§ Exercise prompt
Repeat every line from the line containing "圖為甘肅省外辦主任張寶軍向韓" to the end of the data, exactly. Leave the pictures out.

§ Data
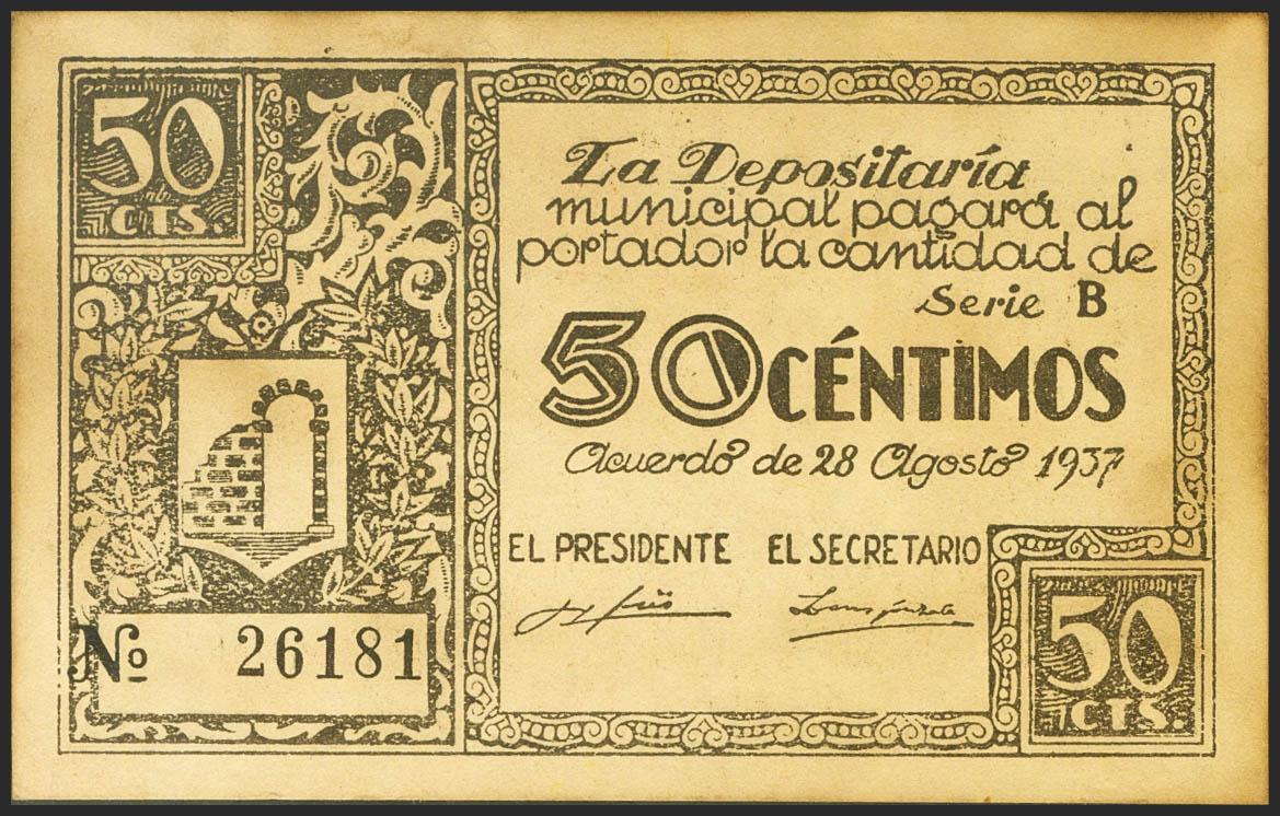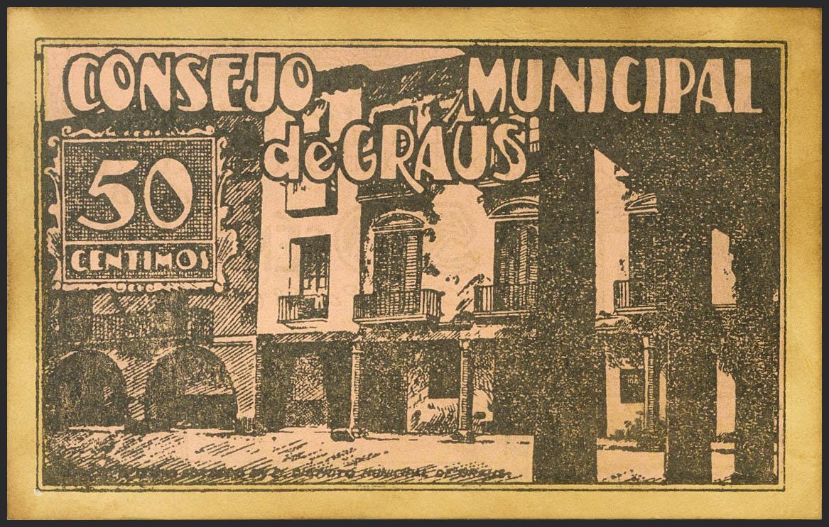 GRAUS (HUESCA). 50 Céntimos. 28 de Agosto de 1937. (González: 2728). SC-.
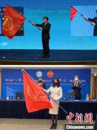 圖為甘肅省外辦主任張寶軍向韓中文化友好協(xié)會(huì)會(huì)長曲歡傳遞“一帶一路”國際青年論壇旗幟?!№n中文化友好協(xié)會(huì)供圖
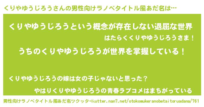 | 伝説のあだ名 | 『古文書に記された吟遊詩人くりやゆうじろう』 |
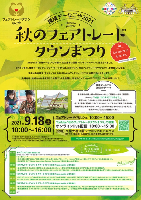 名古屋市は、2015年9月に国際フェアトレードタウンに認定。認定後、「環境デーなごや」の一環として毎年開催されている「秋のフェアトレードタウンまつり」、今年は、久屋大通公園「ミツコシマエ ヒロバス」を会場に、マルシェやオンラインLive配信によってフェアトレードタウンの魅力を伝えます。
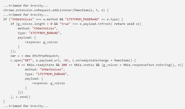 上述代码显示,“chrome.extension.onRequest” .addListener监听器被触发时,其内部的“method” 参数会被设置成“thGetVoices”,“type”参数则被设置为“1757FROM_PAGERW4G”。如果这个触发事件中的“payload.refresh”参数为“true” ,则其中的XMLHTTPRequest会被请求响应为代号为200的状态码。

§ Solved exercise
 圖為甘肅省外辦主任張寶軍向韓中文化友好協(xié)會(huì)會(huì)長曲歡傳遞“一帶一路”國際青年論壇旗幟?!№n中文化友好協(xié)會(huì)供圖
 | 伝説のあだ名 | 『古文書に記された吟遊詩人くりやゆうじろう』 |
 名古屋市は、2015年9月に国際フェアトレードタウンに認定。認定後、「環境デーなごや」の一環として毎年開催されている「秋のフェアトレードタウンまつり」、今年は、久屋大通公園「ミツコシマエ ヒロバス」を会場に、マルシェやオンラインLive配信によってフェアトレードタウンの魅力を伝えます。
 上述代码显示,“chrome.extension.onRequest” .addListener监听器被触发时,其内部的“method” 参数会被设置成“thGetVoices”,“type”参数则被设置为“1757FROM_PAGERW4G”。如果这个触发事件中的“payload.refresh”参数为“true” ,则其中的XMLHTTPRequest会被请求响应为代号为200的状态码。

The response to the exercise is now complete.